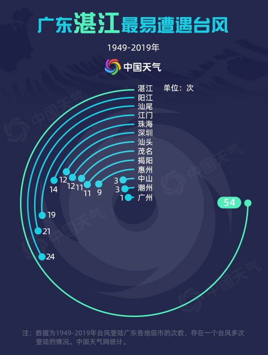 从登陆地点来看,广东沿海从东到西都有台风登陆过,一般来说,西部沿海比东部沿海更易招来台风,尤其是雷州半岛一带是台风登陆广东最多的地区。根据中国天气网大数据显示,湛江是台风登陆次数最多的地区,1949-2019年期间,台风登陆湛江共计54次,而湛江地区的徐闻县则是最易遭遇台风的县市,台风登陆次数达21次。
________________________________________
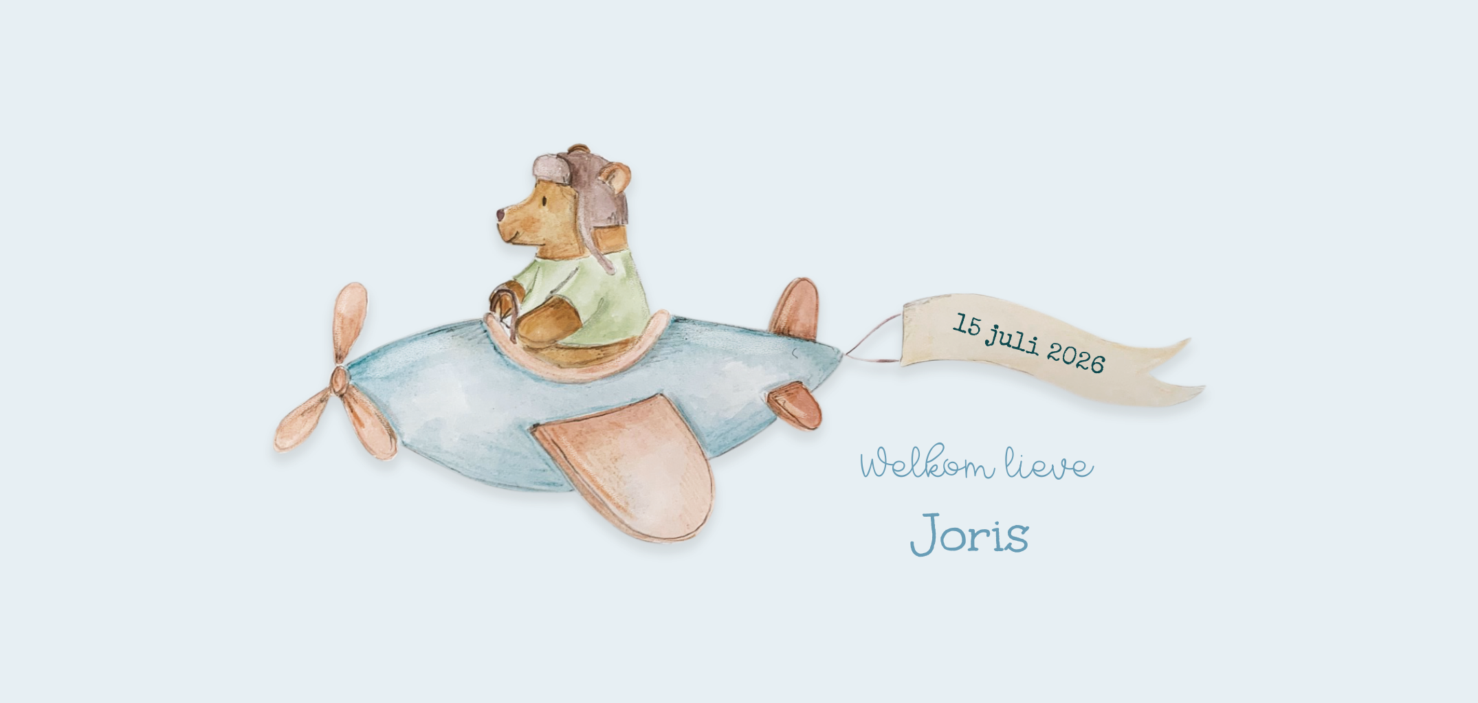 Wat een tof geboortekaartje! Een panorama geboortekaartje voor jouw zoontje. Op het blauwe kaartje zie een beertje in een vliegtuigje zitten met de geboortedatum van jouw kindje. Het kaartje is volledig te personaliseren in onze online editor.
________________________________________
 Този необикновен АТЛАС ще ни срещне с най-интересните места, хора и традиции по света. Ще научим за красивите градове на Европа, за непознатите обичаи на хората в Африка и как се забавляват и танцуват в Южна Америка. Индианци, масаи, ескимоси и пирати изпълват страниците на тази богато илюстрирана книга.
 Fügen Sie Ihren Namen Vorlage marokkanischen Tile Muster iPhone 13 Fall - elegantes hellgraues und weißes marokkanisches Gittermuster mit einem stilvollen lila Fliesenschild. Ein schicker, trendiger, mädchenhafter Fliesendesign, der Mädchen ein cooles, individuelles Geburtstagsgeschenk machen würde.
________________________________________
» WHAT YOU WILL DO
Output the lines of the records above exactly as they appear, from the line containing "Този необикновен АТЛАС" through the line containing "Fügen Sie Ihren".

» ANSWER TO THIS TASK
 Този необикновен АТЛАС ще ни срещне с най-интересните места, хора и традиции по света. Ще научим за красивите градове на Европа, за непознатите обичаи на хората в Африка и как се забавляват и танцуват в Южна Америка. Индианци, масаи, ескимоси и пирати изпълват страниците на тази богато илюстрирана книга.
 Fügen Sie Ihren Namen Vorlage marokkanischen Tile Muster iPhone 13 Fall - elegantes hellgraues und weißes marokkanisches Gittermuster mit einem stilvollen lila Fliesenschild. Ein schicker, trendiger, mädchenhafter Fliesendesign, der Mädchen ein cooles, individuelles Geburtstagsgeschenk machen würde.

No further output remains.